Wednesday, September 24, 2008

Solving the financial crisis in a world of two-handed economists

There is a story, possibly apocryphal, that President Harry Truman once had a meeting during the course of which he asked questions of several economists, one of whom would respond by saying "On the one hand," and giving one view, followed by another who would say, "On the other hand" and giving the alternative view. A frustrated Truman, upon leaving the meeting, told an aid, "Next time, get me economists with only one hand."

The story comes to mind in the current national discussion over the financial crisis. The vast majority of Americans understand little about it, and so are consigned to being spectators in a see-saw spectacle in which those who they thought should know such things disagree.

Although many Americans are concerned about the current situation on Wall Street, most of them can do little more than scratch their heads. They simply have no way to determine how bad the problem is, let alone what the solution might be. If they were only economists, they think, they would know what to do. But then they watch the economists, and the awful truth dawns on them: even if they were economists, they wouldn't know what to do.

As it turns out, the people who they are trusting with solving this problem don't seem to know themselves, whether or not they think they do. "Nobody involved in the bailout proposal," says Arnold Kling of EconLog, "has sufficient knowledge of mortgage credit risk." Great. Of course we could ask whether even the people who say nobody knows know enough to know that nobody knows.

Such is the state of our collective ignorance.

Even former Fed Chairman Alan Greenspan, one whose mere utterance caused the markets would rise or fall, said he didn't see it coming.

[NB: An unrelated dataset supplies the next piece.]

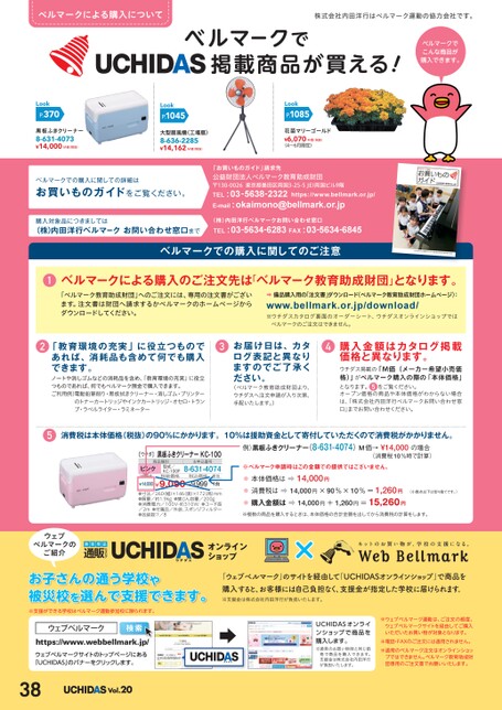 ベルマークによる購入について株式会社内田洋行はベルマーク運動の協力会社です。ベルマークで掲載商品が買える!ベルマークでこんな商品が購入できます。LookP.370黒板ふきクリーナー8-631-4073¥14,000M価(税抜)LookP.1045大型扇風機(工場扇)8-636-2285¥14,162M価(税抜)LookP.1085花苗マリーゴールド¥6,070M価(税抜)(4〜6月限定)ベルマークでの購入に関しての詳細はお買いものガイドをご覧ください。「お買いものガイド」請求先公益財団法人ベルマーク教育助成財団〒130-0026東京都墨田区両国3-25-5JEI両国ビル9階TEL:03-5638-2322E-mail:okaimono@bellmark.or.jphttps://www.bellmark.or.jp/購入対象品につきましては(株)内田洋行ベルマークお問い合わせ窓口まで(株)内田洋行ベルマークお問い合わせ窓口TEL:03-5634-6283FAX:03-5634-6845ベルマークでの購入に関してのご注意1ベルマークによる購入のご注文先は「ベルマーク教育助成財団」となります。「ベルマーク教育助成財団」へのご注文には、専用の注文書がございます。注文書は財団へ請求するかベルマークのホームページからダウンロードしてください。➡備品購入用の「注文書」ダウンロード(ベルマーク教育助成財団ホームページ):www.bellmark.or.jp/download/※ウチダスカタログ裏面のオーダーシート、ウチダスオンラインショップではベルマークのご注文はできません。2「教育環境の充実」に役立つものであれば、消耗品も含めて何でも購入できます。ノートや消しゴムなどの消耗品を含め、「教育環境の充実」に役立つものであれば、何でもベルマーク預金で購入できます。ご利用例)電動鉛筆削り・黒板拭きクリーナー・消しゴム・プリンターのトナーカートリッジやインクカートリッジ・オセロ・トランプ・ラベルライター・ラミネーター3お届け日は、カタログ表記と異なりますのでご了承ください。(ベルマーク教育助成財団より、ウチダスへ注文申請が入り次第、手配いたします。)4購入金額はカタログ掲載価格と異なります。ウチダス掲載の「M価(メーカー希望小売価格)」がベルマーク購入の際の「本体価格」となります。5をご覧ください。オープン価格の商品や本体価格がわからない場合は、「株式会社内田洋行ベルマークお問い合わせ窓口」までお問い合わせください。5消費税は本体価格(税抜)の90%にかかります。10%は援助資金として寄付していただくので消費税がかかりません。[ウチダ]黒板ふきクリーナーKC-100商品種別お申込番号8-631-4074M価税抜型式/KC-100P税抜価格ピンク¥14,00¥9,090¥9,999税込価格単位1台●寸法/260(幅)×146(奥)×172(高)mm●質量/約1.9kg●集じん容量/200g●消費電力/100V-約310W●コード長/2m●付属品/外袋、スポンジフィルター●包装数:1/8例)黒板ふきクリーナー(8-631-4074)M価→¥14,000の場合(消費税10%時で計算)※ベルマーク申請時はこの金額での提供ではございません。本体価格は➡14,000円消費税は➡14,000円×90%×10%=1,260円購入金額は➡14,000円+1,260円=15,260円(小数点以下は切り捨てです。)※複数の商品を購入するときは、本体価格の合計金額を出してから消費税の計算をします。お子さんの通う学校や被災校を選んで支援できます。※支援ができる学校はベルマーク運動参加校に限られます。ウェブベルマークhttps://www.webbellmark.jp/ウェブベルマークサイトのトップページにある「UCHIDAS」のバナーをクリックします。38Vol.20「ウェブベルマーク」のサイトを経由して「UCHIDASオンラインショップ」で商品を購入すると、お客様には自己負担なく、支援金が指定した学校に届けられます。※支援金は株式会社内田洋行が負担いたします。UCHIDASオンラインショップで商品を購入します。※通常のお買い物時と同じ価格で商品を購入できます。支援金は株式会社内田洋行が負担いたします。※ウェブベルマーク運動は、ご注文の都度、ウェブベルマークサイトを経由してご購入いただいたお買い物が対象となります。※電話・FAXのご注文には適用されません。※通常のベルマーク注文はオンラインショップではできません。ベルマーク教育助成財団専用のご注文書でお願いいたします。×オンラインショップ品育用タログ通販カ教ウェブベルマークのご紹介

How bad is the problem? According to Ben Bernanke last Tuesday, a recession could ensue unless the Bush administration's bailout plan is passed. Yet Allan Meltzer, a historian of central banking, says that the problem is not as bad as it is being portrayed:
I've listened to governments tell me for 40 years that there was a crisis and the world was going to fall apart if we didn't do this or that. But there have been a few cases where they weren't able to do that.
And let's not ask the question why Bernanke, who warns of an imminent recession if his plan is not passed, doesn't agree with those who think we've been in a recession for some time now.
Now we know why, as one wag has observed, if you took all the economists in the world and laid them end to end, they still couldn't reach a conclusion.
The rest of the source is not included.